Die Stadt hatte die Arbeiten am Platz ab dem 8. Juni angesetzt. Laut Angaben der Behörden sei nach Saisonende eine vorgeschriebene Ruhe- und Sanierungsphase von vier bis fünf Wochen notwendig gewesen. Obwohl organisatorische Herausforderungen bestanden, wurde dem Verein ab dem 14. Juli ein vorzeitiger Zugang gewährt.

MTV Wolfenbüttel musste seine erste Trainingseinheit der Mannschaft nach Adersheim verlegen. Zudem fielen aufgrund der Sperrung geplante Freundschaftsspiele aus. Die Vorbereitungen auf die kommende Spielzeit sind dadurch direkt beeinträchtigt.

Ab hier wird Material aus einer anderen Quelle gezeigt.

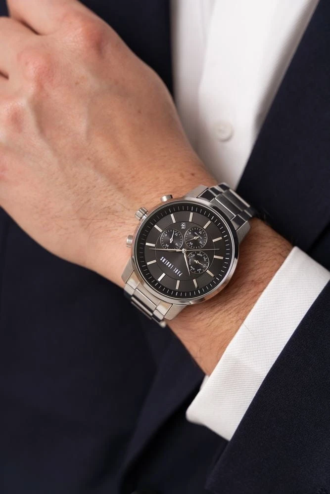 Chronografy w tym zegarku to prawdziwe mistrzostwo, które zadowoli każdego mężczyznę, który ceni sobie precyzyjny pomiar czasu. Intuicyjna obsługa oraz doskonała czytelność sprawiają, że korzystanie z chronografów to prawdziwa przyjemność. Eleganckie wskazania czasu 24h, podwójnego czasu DUAL TIME, oraz dni tygodnia tworzą harmonijną kompozycję, dodając każdej męskiej dłoni niepowtarzalnego szyku. Dodatkowo zegarek wyposażony jest w datownik dni miesiąca. Przemyślane funkcje tego modelu sprawiają, że zegarek staje się nieocenionym towarzyszem w codziennym życiu, idealnie wpisując się w styl mężczyzny, który ceni sobie porządek i precyzję.

Die Stadtverwaltung weist jede Schuld von sich. Man habe bereits im Mai alle Sportvereine um die Nennung wichtiger Termine gebeten, um Konflikte zu vermeiden. Zudem betonten die Verantwortlichen, dass MTV Wolfenbüttel während der Sperrung auf Ausweichplätze im Meesche-Sportpark sowie an der Halberstädter Straße zurückgreifen könne.

Für mögliche finanzielle Folgen übernimmt die Verwaltung keine Verantwortung. Stattdessen fordert sie eine klarere und frühzeitigere Kommunikation zwischen allen Beteiligten, um künftig ähnliche Probleme zu vermeiden.

Die Platzsperrung zwingt MTV Wolfenbüttel, seine Trainings- und Spielplanung anzupassen. Die Stadt beharrt darauf, alle Vorgaben eingehalten und Ersatzmöglichkeiten angeboten zu haben. Der Vorfall unterstreicht die Notwendigkeit einer besseren Abstimmung zwischen lokalen Behörden und Sportvereinen.